Prompt »
Retype the material that follows exactly, limited to the lines from the one with "A new selection, resembling" through the one with "Junkanoo festival on Green Turtle Cay.", and keep out all pictures.

Data for this exercise »
*** Block opens ***

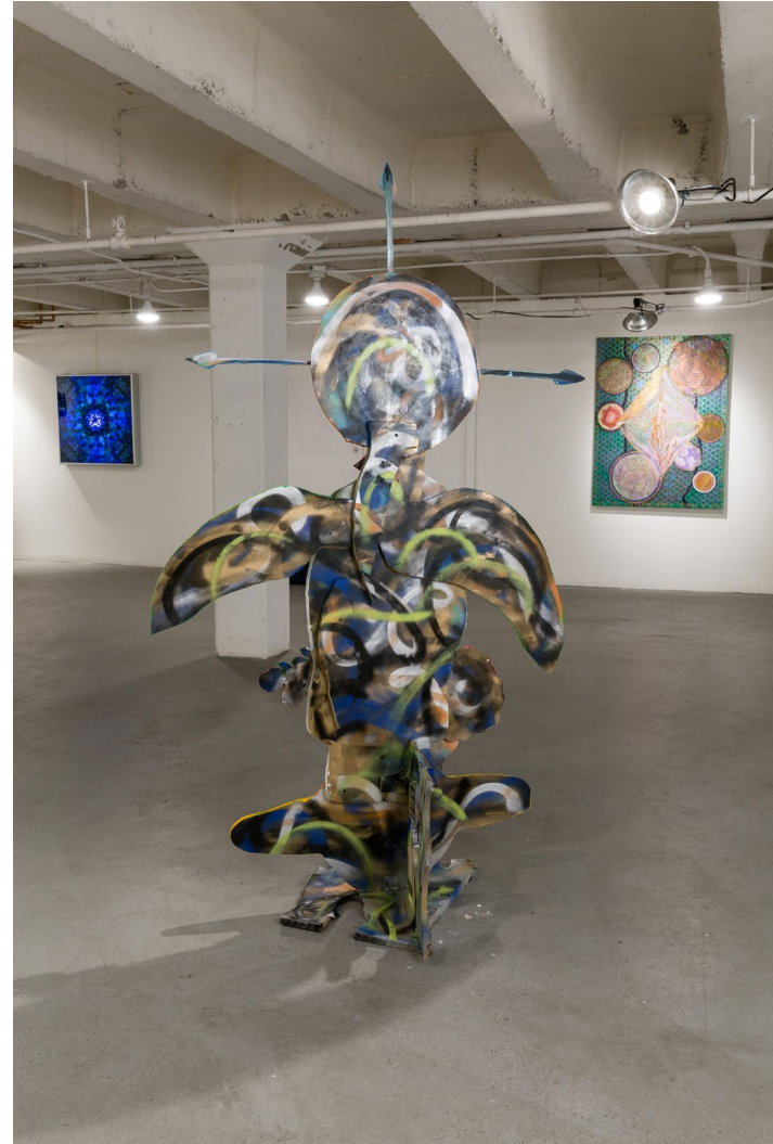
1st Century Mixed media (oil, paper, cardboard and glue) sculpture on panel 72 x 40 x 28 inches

*** Block closes ***
*** Block opens ***

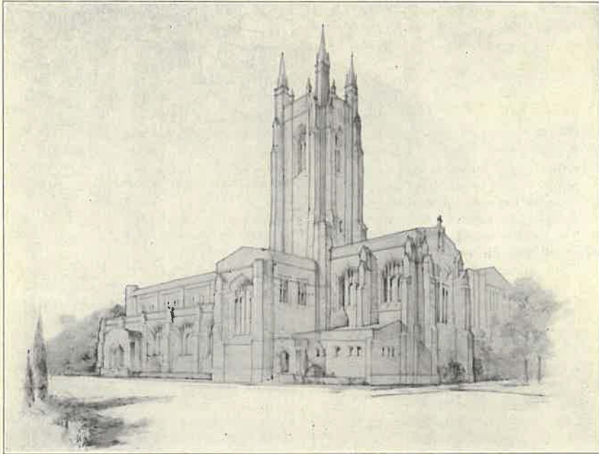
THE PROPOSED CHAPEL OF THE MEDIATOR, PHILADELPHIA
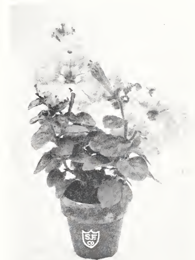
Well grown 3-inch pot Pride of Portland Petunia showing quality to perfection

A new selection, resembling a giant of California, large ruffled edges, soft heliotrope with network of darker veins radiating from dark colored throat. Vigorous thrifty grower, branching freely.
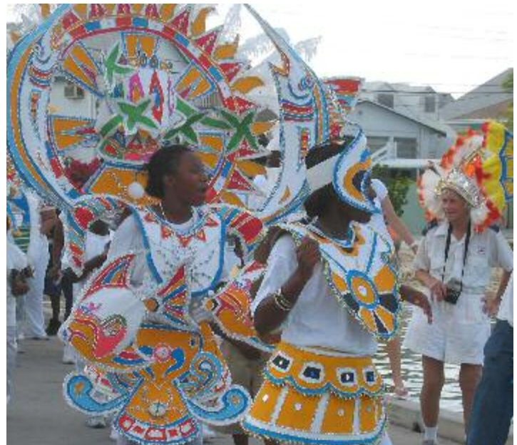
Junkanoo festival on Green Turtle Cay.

*** Block closes ***

Written solution »
A new selection, resembling a giant of California, large ruffled edges, soft heliotrope with network of darker veins radiating from dark colored throat. Vigorous thrifty grower, branching freely.
Junkanoo festival on Green Turtle Cay.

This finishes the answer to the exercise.